Use the CUSTOM source type for ERP systems (SAP, Oracle, NetSuite, etc.) and any other data source that doesn’t fit the BANK, LEDGER, or GATEWAY categories.

Example: ERP source

{
  "name": "SAP S/4HANA",
  "type": "CUSTOM",
  "config": {
    "erp_type": "SAP",
    "company_codes": ["1000", "2000"]
  }
}
Export transaction data from your ERP and upload it through Matcher’s file upload endpoint. Use field mapping to translate ERP-specific fields into Matcher’s canonical format.

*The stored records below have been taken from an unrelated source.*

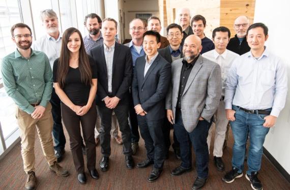 Dr. Daniel Kroupa (Postdoctoral Scholar with Daniel Gamelin; Chief Technical Officer, BlueDot Photonics) and Professor David Ginger (Chief Scientist, UW Clean Energy Institute) [US-MAP Consortium photo, far left and fifth from left, respectively].
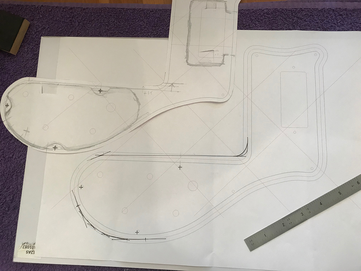 It would have fitted perfectly if the neck was fully inserted into the pocket. BEWARE! So off to order some scrathplate material and start drawing...
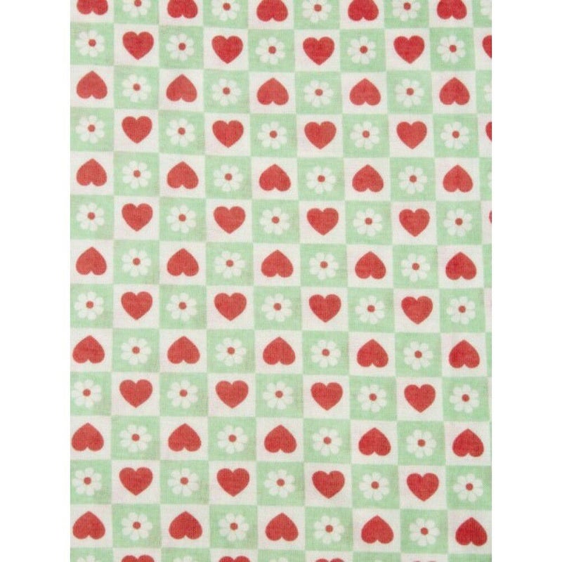 ハートとお花のモチーフが入ったチェッカー柄が目を惹く1枚。
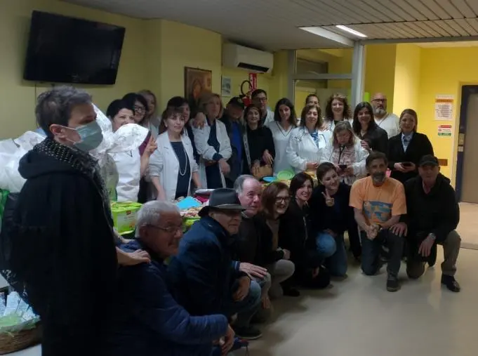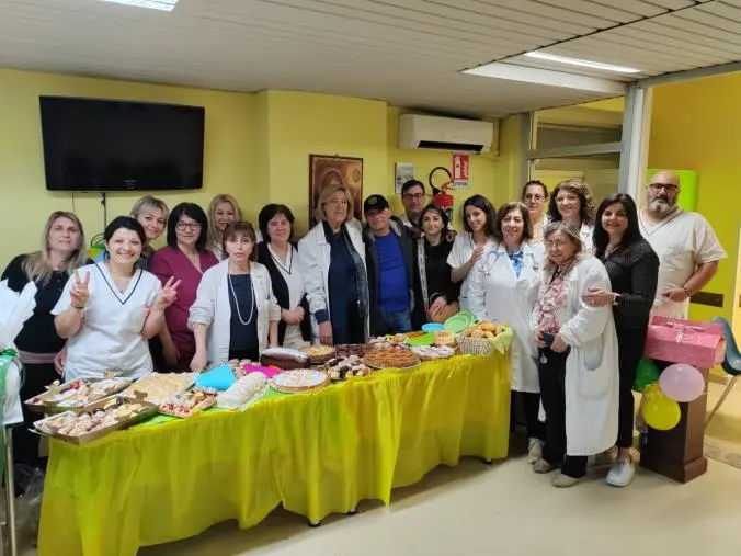 Riuscitissimo e molto partecipato l'evento "Buona Pasqua in oncologia" svoltosi questa mattina all'ospedale Giovanni Paolo II di Lamezia Terme. In una sala d'aspetto gremitissima, il personale del reparto con tutta l'equipe medica guidata dalla dottoressa Pina Molinaro insieme al personale infermieristico ed oss coordinato da Gina Primavera ha dato inizio alla festa tra sorrisi, foto di gruppo, banchetto con tanto di dolci e tante cose da mangiare. La sorpresa di questa stagione è stata la visita in reparto della Vigor Lamezia calcio che col suo presidente, Salvatore Rettura, il direttore sportivo Antonio Morelli ed il mister Rosario Salerno, hanno portato in reparto una rappresentanza della squadra per la gioia dei pazienti oncologici tifosi biancoverdi.

Payment processor connections


Stripe

{
  "name": "Stripe Payments",
  "type": "GATEWAY",
  "config": {
    "provider": "stripe"
  }
}

Adyen

{
  "name": "Adyen Settlements",
  "type": "GATEWAY",
  "config": {
    "provider": "adyen",
    "merchant_account": "CompanyECOM"
  }
}
Export settlement reports from your payment processor and upload them through Matcher’s file upload endpoint.

Card networks

For card network settlement files (Visa, Mastercard, Elo), use the CUSTOM source type:
{
  "name": "Visa Settlement",
  "type": "CUSTOM",
  "config": {
    "network": "VISA",
    "file_format": "TC33"
  }
}

Connection security


Credential storage

All credentials should be stored securely in an encrypted vault and referenced by ID in source configurations.

Ip allowlisting

Configure IP allowlisting at the infrastructure level (load balancer, API gateway, or firewall) to restrict which IPs can push data to Matcher. Source entities do not have a settings.security configuration. Manage IP restrictions outside the application.

Webhook signatures

Matcher signs outbound webhook payloads with HMAC-SHA256. For inbound data, verify signatures at the infrastructure level before data reaches Matcher. Source entities do not have a settings.webhook configuration.

Data format requirements


Required fields

Every transaction must include:
FieldTypeDescription
transaction_idStringUnique ID from source
amountDecimalTransaction amount
currencyStringISO 4217 code
dateDateTransaction date
FieldTypeDescription
referenceStringPayment reference
counterpartyStringOther party name
typeStringcredit/debit
posting_dateDateSettlement date

Field mapping

Use a dedicated endpoint to manage field mappings, not the source’s config object. Create field mappings for a source using:
cURL
curl -X POST "https://api.matcher.example.com/v1/config/contexts/{contextId}/sources/{sourceId}/field-maps" \
 -H "Authorization: Bearer $TOKEN" \
 -H "Content-Type: application/json" \
 -d '{
   "sourceField": "trans_amount",
   "targetField": "amount"
 }'
Refer to Field Mapping for details.

Best practices


Check that uploaded files contain the required fields (transaction_id, amount, currency, date) before uploading. This prevents ingestion errors.
Standardize on a single format (CSV, JSON, or XML) per source to simplify field mapping and reduce errors.
Store all API keys and passwords in the vault. Never include credentials in configuration payloads.
Validate field mapping and data quality with sample files before uploading production data.